## What you will do
When you reach the line below that has "圖4中,地址指該段代碼要寫入", start returning lines exactly, and stop after the line that has "一位同學(xué)在修復(f"; skip the pictures.

*** Dataset content Section Begins ***

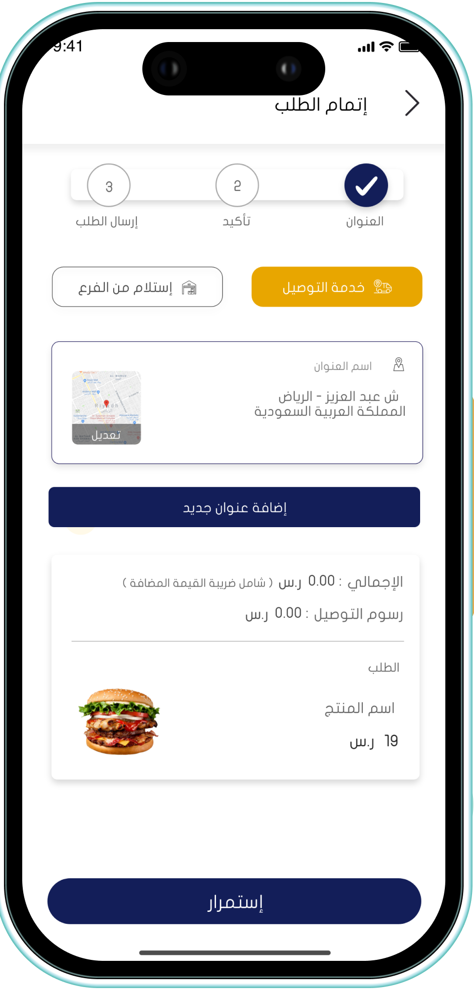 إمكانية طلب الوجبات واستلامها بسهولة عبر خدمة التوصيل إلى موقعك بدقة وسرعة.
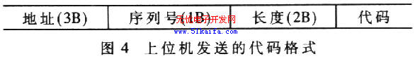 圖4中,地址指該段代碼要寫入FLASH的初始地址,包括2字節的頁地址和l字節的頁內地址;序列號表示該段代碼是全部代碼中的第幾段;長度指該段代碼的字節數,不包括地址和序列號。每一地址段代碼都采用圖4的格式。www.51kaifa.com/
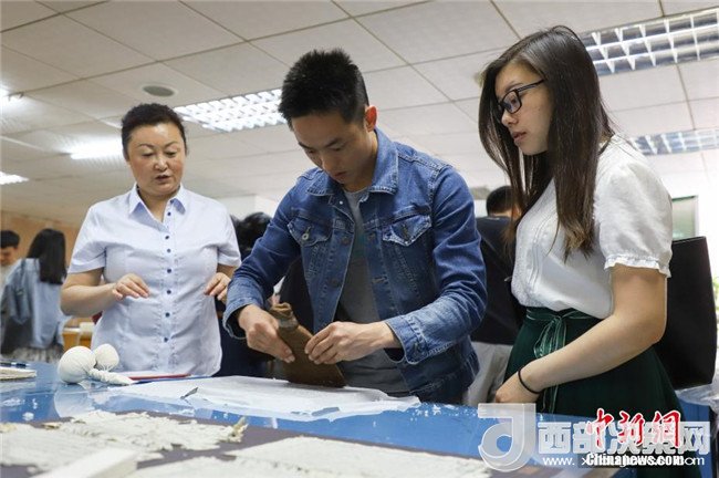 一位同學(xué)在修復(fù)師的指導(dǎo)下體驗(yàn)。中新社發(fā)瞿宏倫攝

*** Dataset content Section Ends ***
*** Dataset content Section Begins ***

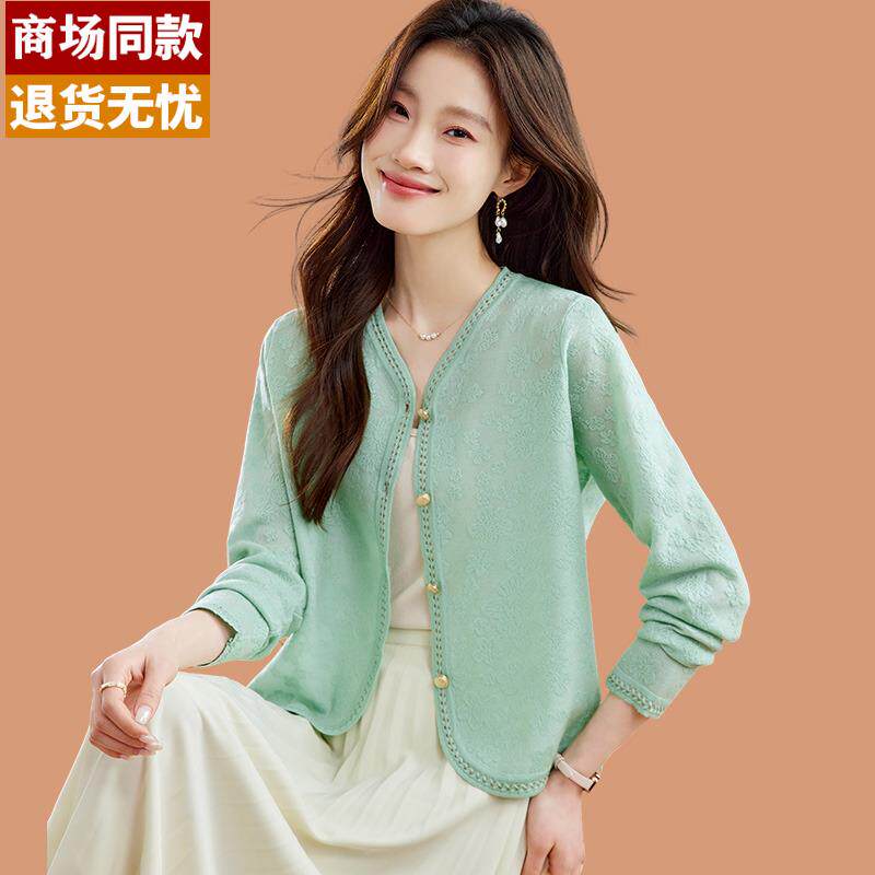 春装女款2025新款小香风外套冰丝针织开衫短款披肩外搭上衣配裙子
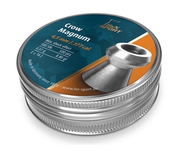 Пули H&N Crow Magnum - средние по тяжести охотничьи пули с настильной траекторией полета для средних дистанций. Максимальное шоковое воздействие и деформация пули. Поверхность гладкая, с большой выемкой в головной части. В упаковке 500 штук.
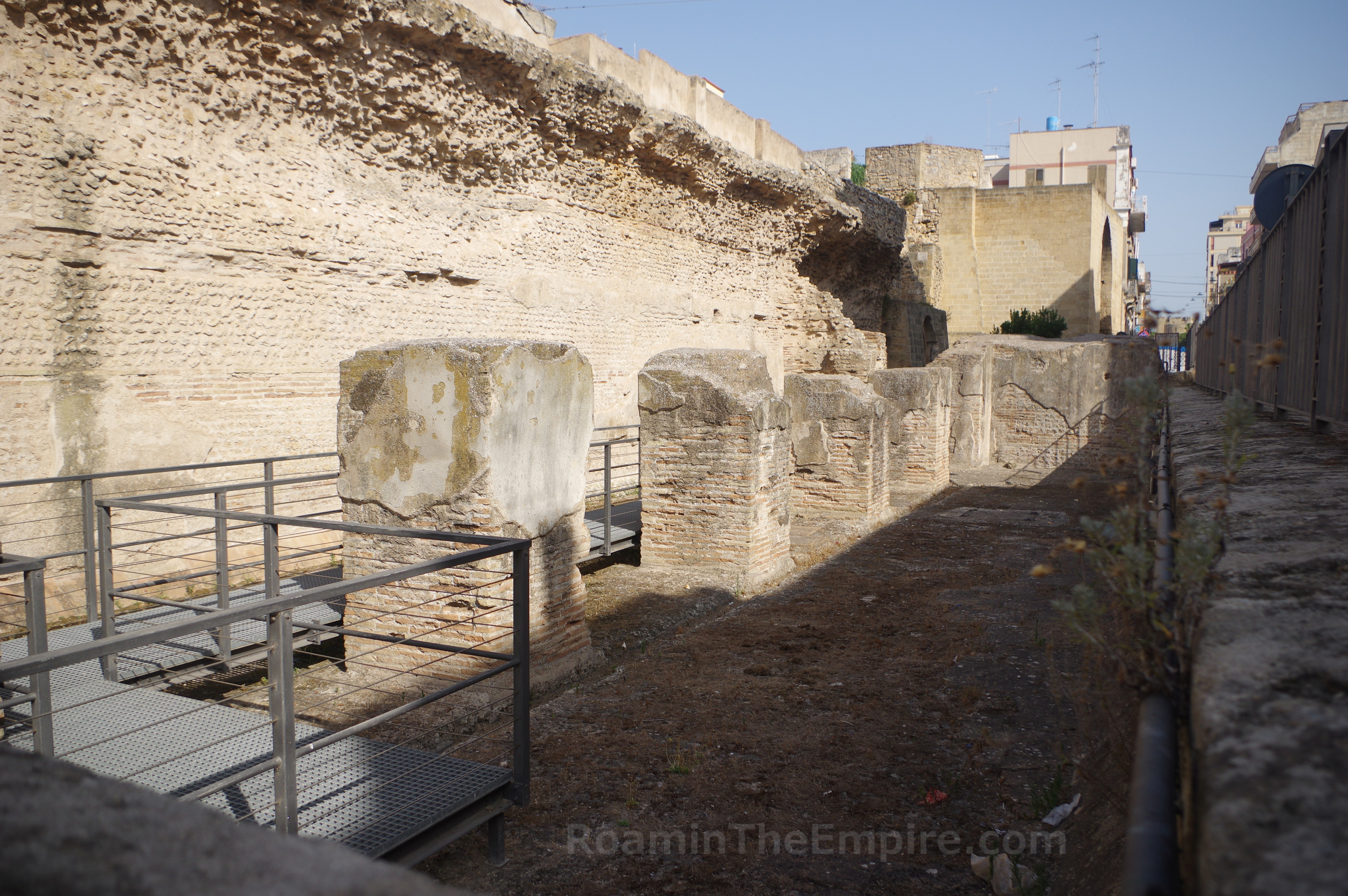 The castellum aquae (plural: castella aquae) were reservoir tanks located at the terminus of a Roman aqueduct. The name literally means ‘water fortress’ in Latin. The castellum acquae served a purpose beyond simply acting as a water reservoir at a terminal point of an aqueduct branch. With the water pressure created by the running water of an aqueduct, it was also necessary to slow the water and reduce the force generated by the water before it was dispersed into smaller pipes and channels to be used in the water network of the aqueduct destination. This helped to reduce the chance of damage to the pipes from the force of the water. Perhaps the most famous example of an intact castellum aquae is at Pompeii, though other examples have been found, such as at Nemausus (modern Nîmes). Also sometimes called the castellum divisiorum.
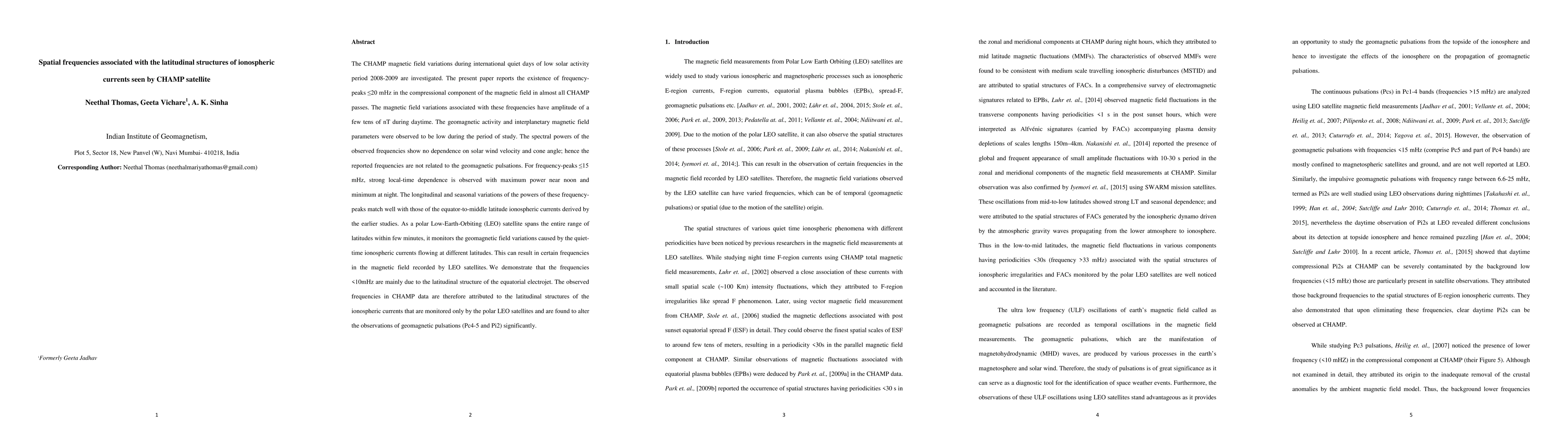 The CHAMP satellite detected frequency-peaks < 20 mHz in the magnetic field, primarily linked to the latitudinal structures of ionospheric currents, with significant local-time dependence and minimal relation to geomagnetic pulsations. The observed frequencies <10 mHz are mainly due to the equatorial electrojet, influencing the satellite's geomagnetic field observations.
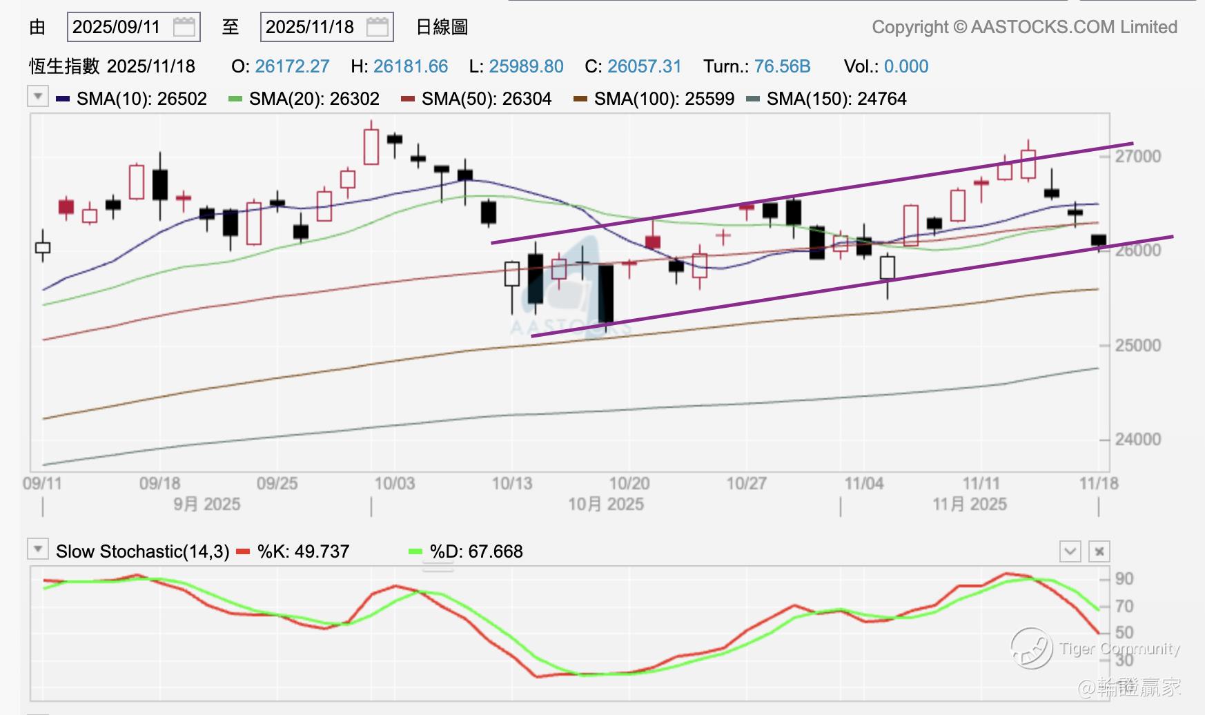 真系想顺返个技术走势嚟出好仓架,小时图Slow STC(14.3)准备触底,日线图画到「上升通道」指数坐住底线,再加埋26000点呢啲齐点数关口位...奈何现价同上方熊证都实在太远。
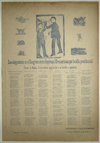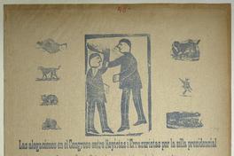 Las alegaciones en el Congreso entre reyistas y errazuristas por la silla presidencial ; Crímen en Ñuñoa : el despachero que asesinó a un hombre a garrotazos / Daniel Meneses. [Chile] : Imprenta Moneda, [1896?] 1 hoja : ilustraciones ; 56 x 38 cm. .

*** Dataset content Section Ends ***

## Reply to the task
 圖4中,地址指該段代碼要寫入FLASH的初始地址,包括2字節的頁地址和l字節的頁內地址;序列號表示該段代碼是全部代碼中的第幾段;長度指該段代碼的字節數,不包括地址和序列號。每一地址段代碼都采用圖4的格式。www.51kaifa.com/
 一位同學(xué)在修復(fù)師的指導(dǎo)下體驗(yàn)。中新社發(fā)瞿宏倫攝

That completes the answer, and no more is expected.